RECORDS SUPPLIED
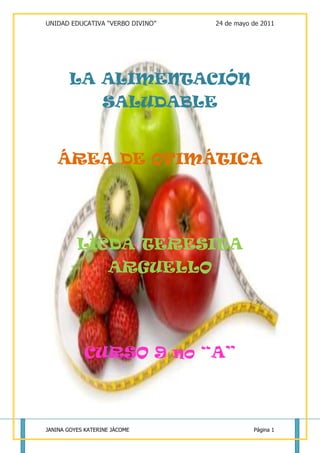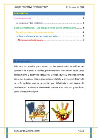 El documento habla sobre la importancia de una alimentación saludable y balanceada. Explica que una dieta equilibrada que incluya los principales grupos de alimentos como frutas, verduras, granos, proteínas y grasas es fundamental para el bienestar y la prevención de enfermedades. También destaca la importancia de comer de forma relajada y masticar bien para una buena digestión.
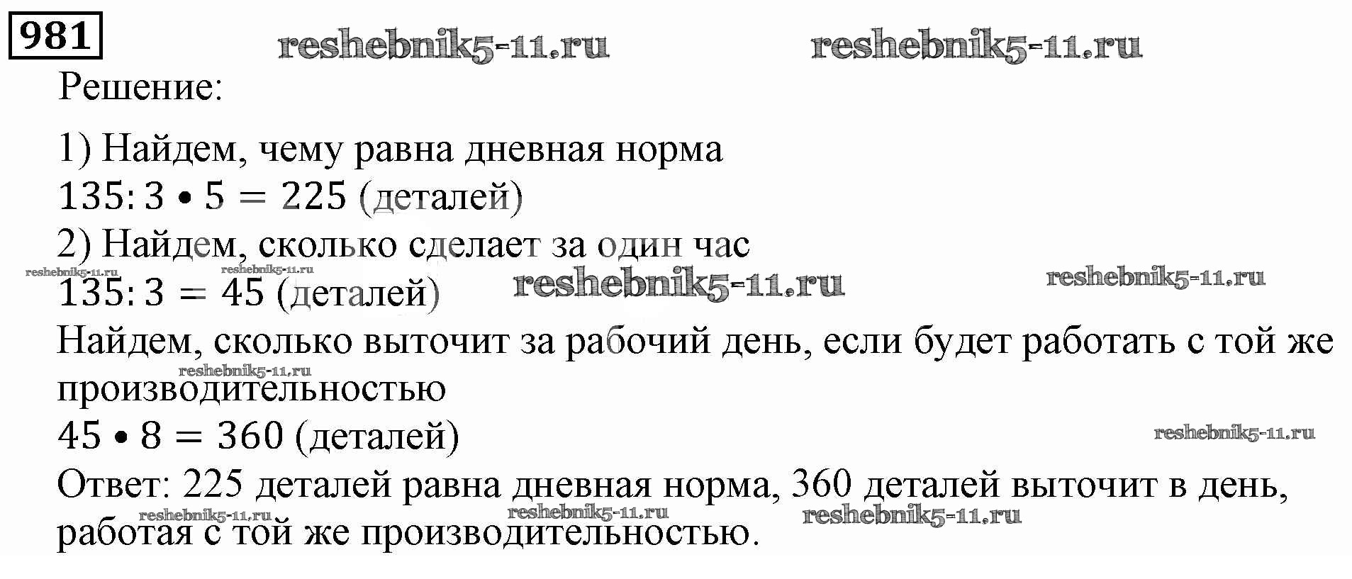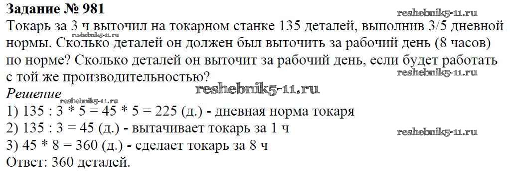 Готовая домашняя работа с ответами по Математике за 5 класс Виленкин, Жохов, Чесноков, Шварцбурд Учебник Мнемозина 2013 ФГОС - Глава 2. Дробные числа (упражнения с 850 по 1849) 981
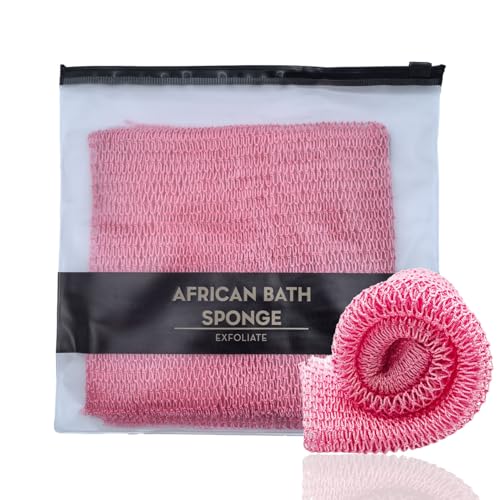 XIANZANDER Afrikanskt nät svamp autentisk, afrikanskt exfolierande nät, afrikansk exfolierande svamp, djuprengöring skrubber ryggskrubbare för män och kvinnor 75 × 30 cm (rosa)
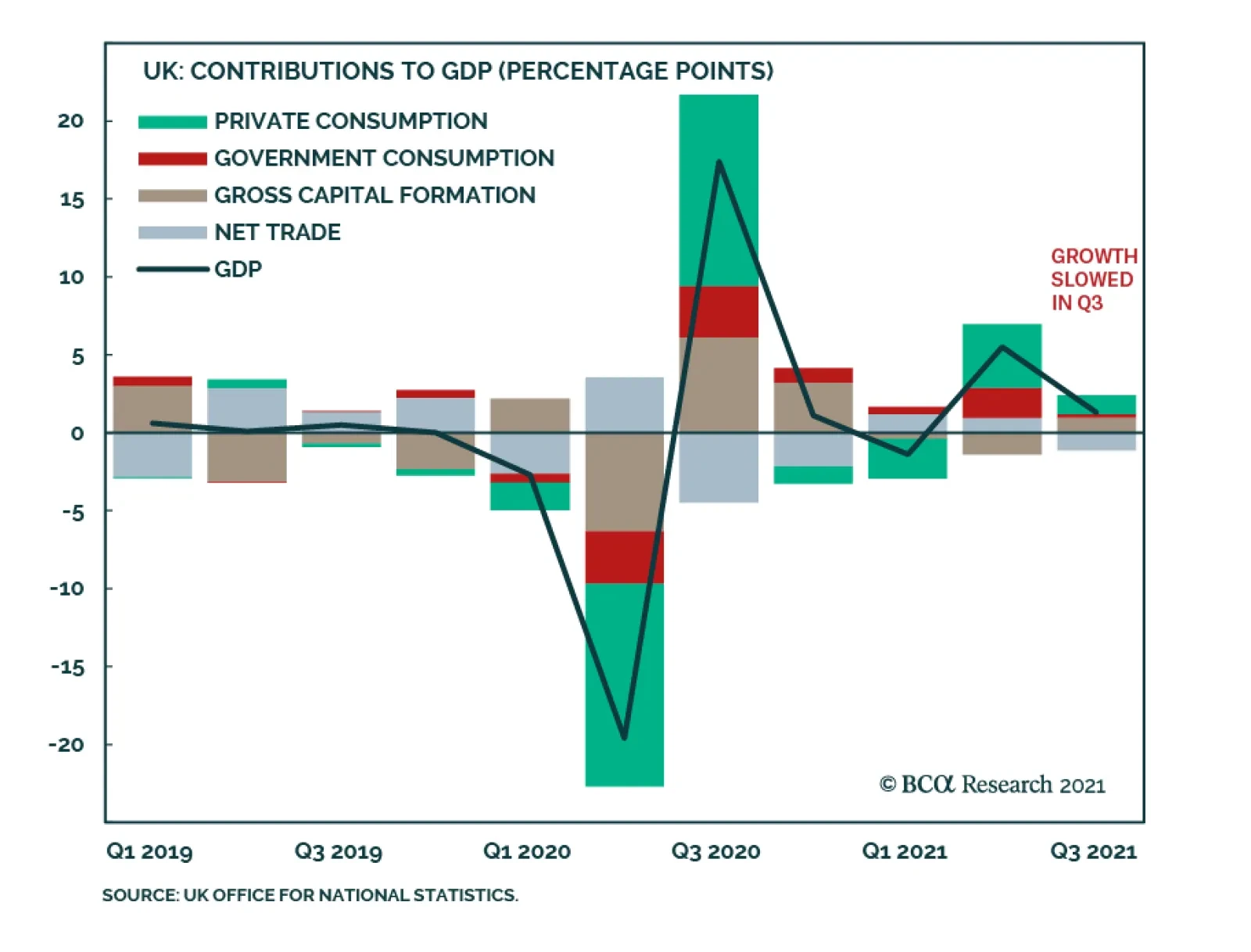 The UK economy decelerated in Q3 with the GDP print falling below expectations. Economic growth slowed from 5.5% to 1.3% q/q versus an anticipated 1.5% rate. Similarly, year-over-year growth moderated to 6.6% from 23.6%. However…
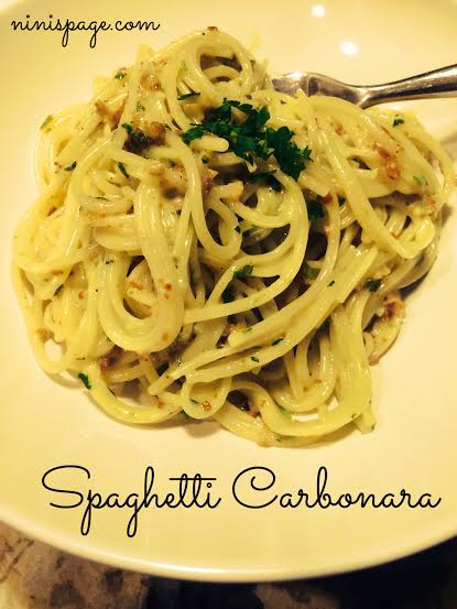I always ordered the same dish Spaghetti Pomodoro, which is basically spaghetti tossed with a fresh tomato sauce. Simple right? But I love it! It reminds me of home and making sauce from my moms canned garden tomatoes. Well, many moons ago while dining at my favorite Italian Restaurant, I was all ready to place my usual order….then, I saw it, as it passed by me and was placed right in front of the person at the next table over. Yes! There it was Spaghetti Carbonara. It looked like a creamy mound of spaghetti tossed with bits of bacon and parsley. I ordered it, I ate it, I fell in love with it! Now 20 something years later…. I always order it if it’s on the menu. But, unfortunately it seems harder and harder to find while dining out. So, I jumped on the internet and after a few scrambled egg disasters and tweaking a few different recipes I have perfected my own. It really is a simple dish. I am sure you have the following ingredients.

WHAT IS REQUIRED
The line containing "Готовая домашняя работа" and every line after it, through the end of the data, are to be output exactly. Omit the pictures.

SOLUTION TO THE PROBLEM
 Готовая домашняя работа с ответами по Математике за 5 класс Виленкин, Жохов, Чесноков, Шварцбурд Учебник Мнемозина 2013 ФГОС - Глава 2. Дробные числа (упражнения с 850 по 1849) 981
 XIANZANDER Afrikanskt nät svamp autentisk, afrikanskt exfolierande nät, afrikansk exfolierande svamp, djuprengöring skrubber ryggskrubbare för män och kvinnor 75 × 30 cm (rosa)
 The UK economy decelerated in Q3 with the GDP print falling below expectations. Economic growth slowed from 5.5% to 1.3% q/q versus an anticipated 1.5% rate. Similarly, year-over-year growth moderated to 6.6% from 23.6%. However…
I always ordered the same dish Spaghetti Pomodoro, which is basically spaghetti tossed with a fresh tomato sauce. Simple right? But I love it! It reminds me of home and making sauce from my moms canned garden tomatoes. Well, many moons ago while dining at my favorite Italian Restaurant, I was all ready to place my usual order….then, I saw it, as it passed by me and was placed right in front of the person at the next table over. Yes! There it was Spaghetti Carbonara. It looked like a creamy mound of spaghetti tossed with bits of bacon and parsley. I ordered it, I ate it, I fell in love with it! Now 20 something years later…. I always order it if it’s on the menu. But, unfortunately it seems harder and harder to find while dining out. So, I jumped on the internet and after a few scrambled egg disasters and tweaking a few different recipes I have perfected my own. It really is a simple dish. I am sure you have the following ingredients.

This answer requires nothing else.